In states and municipalities across the country, it’s a tossup as to whether public bookkeepers or private businesses have used up more red ink in the past couple of years; either way, it’s clear that several new proposals aimed at shoring up public resources have restaurants seeing red.
Struggling restaurants contributed less to the public coffers as business slowed, since taxes based on sales fell as traffic dropped and guests who did dine out opted for lower-priced meals to fit their newly lean budgets. Now, officials in several municipalities have proposed revenue-raising solutions that involve increasing existing taxes or adding new fees, both of which would raise prices and potentially turn off consumers who are only now starting to return.

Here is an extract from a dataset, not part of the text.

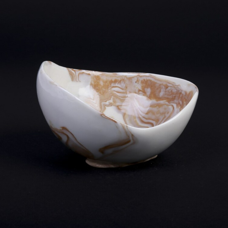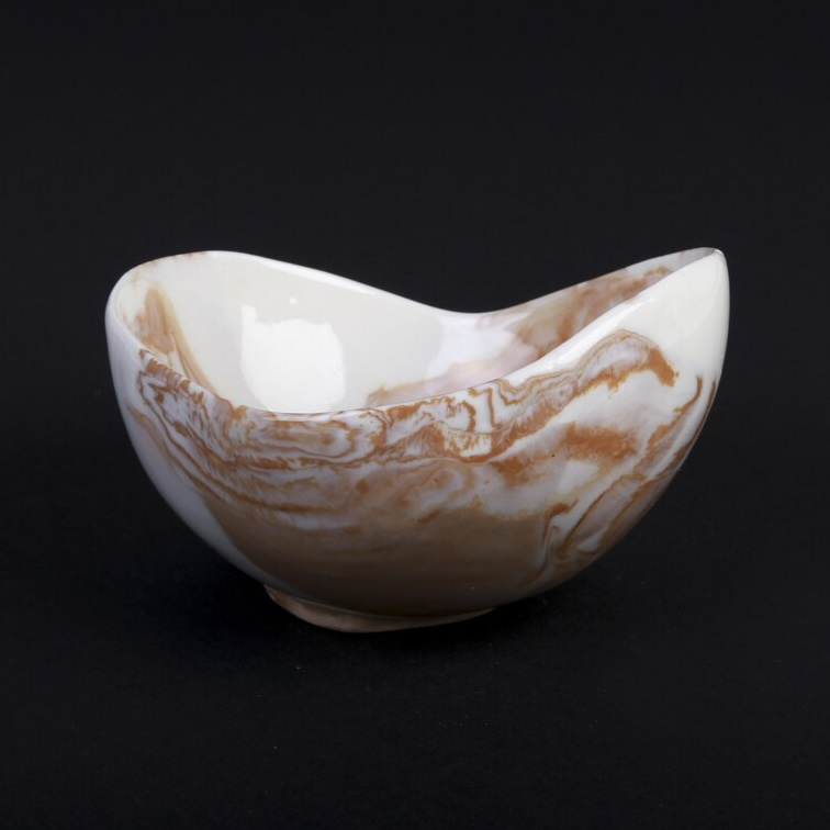 Porcelanowa miska agatowa wykonana ręcznie. Dzięki zastosowaniu techniki NERIKOMI (agatowej), polegającej na odpowiednim mieszaniu kolorowych kawałków porcelany - uzyskaliśmy niepowtarzalny, marmurkowy efekt.

In Omaha this week, a group of at least four restaurant owners has banded together in an attempt to block a new tax on restaurant sales that’s slated to start Friday. The coalition hopes to win an injunction preventing the city-created tax from taking effect, arguing that the additional 2.5% fee on bar, restaurant and catering receipts is actually a sales tax, La Casa Pizzeria owner Nicole Jesse told the Omaha World-Herald; state law confers the power to create a sales tax on the Legislature alone. Restaurant owners told the newspaper that they worry about the extra costs involved in reprogramming their computers to calculate the new tax and, of course, they fear lost business when the price of a meal goes up.
Proposals in other parts of the country seek to tie together the sources and beneficiaries of the revenue more closely, although the fees would still mean higher taxes for restaurant operators and their patrons.